++++ SUPPLIED RECORDS ++++

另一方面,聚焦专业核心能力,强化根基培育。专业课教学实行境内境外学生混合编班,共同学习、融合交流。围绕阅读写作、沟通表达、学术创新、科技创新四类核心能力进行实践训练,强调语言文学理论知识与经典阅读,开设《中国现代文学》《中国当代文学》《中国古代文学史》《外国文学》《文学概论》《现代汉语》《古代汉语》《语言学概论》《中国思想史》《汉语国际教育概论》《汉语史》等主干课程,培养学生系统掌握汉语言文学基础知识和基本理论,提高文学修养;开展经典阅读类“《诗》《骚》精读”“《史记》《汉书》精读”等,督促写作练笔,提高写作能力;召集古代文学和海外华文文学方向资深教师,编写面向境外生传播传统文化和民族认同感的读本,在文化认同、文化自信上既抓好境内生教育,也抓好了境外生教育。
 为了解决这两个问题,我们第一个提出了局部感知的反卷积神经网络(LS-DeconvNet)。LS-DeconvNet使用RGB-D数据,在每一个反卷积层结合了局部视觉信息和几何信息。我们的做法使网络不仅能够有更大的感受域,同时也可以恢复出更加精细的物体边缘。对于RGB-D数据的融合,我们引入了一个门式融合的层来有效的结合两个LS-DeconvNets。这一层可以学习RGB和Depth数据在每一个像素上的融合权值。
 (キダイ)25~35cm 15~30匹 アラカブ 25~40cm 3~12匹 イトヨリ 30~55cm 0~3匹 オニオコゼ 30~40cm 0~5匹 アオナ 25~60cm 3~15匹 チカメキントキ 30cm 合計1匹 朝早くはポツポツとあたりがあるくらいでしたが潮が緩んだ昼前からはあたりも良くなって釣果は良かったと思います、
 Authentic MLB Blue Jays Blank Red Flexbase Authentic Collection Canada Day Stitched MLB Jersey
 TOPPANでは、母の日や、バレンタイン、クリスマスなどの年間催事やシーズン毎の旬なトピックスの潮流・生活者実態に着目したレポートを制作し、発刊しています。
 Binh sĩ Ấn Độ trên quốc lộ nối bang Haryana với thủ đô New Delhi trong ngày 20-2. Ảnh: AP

++++

▶ [WHAT THE TASK REQUIRES]: Write out every entry again, keeping each line exactly the same.

▶ [SOLUTION]:
另一方面,聚焦专业核心能力,强化根基培育。专业课教学实行境内境外学生混合编班,共同学习、融合交流。围绕阅读写作、沟通表达、学术创新、科技创新四类核心能力进行实践训练,强调语言文学理论知识与经典阅读,开设《中国现代文学》《中国当代文学》《中国古代文学史》《外国文学》《文学概论》《现代汉语》《古代汉语》《语言学概论》《中国思想史》《汉语国际教育概论》《汉语史》等主干课程,培养学生系统掌握汉语言文学基础知识和基本理论,提高文学修养;开展经典阅读类“《诗》《骚》精读”“《史记》《汉书》精读”等,督促写作练笔,提高写作能力;召集古代文学和海外华文文学方向资深教师,编写面向境外生传播传统文化和民族认同感的读本,在文化认同、文化自信上既抓好境内生教育,也抓好了境外生教育。
 为了解决这两个问题,我们第一个提出了局部感知的反卷积神经网络(LS-DeconvNet)。LS-DeconvNet使用RGB-D数据,在每一个反卷积层结合了局部视觉信息和几何信息。我们的做法使网络不仅能够有更大的感受域,同时也可以恢复出更加精细的物体边缘。对于RGB-D数据的融合,我们引入了一个门式融合的层来有效的结合两个LS-DeconvNets。这一层可以学习RGB和Depth数据在每一个像素上的融合权值。
 (キダイ)25~35cm 15~30匹 アラカブ 25~40cm 3~12匹 イトヨリ 30~55cm 0~3匹 オニオコゼ 30~40cm 0~5匹 アオナ 25~60cm 3~15匹 チカメキントキ 30cm 合計1匹 朝早くはポツポツとあたりがあるくらいでしたが潮が緩んだ昼前からはあたりも良くなって釣果は良かったと思います、
 Authentic MLB Blue Jays Blank Red Flexbase Authentic Collection Canada Day Stitched MLB Jersey
 TOPPANでは、母の日や、バレンタイン、クリスマスなどの年間催事やシーズン毎の旬なトピックスの潮流・生活者実態に着目したレポートを制作し、発刊しています。
 Binh sĩ Ấn Độ trên quốc lộ nối bang Haryana với thủ đô New Delhi trong ngày 20-2. Ảnh: AP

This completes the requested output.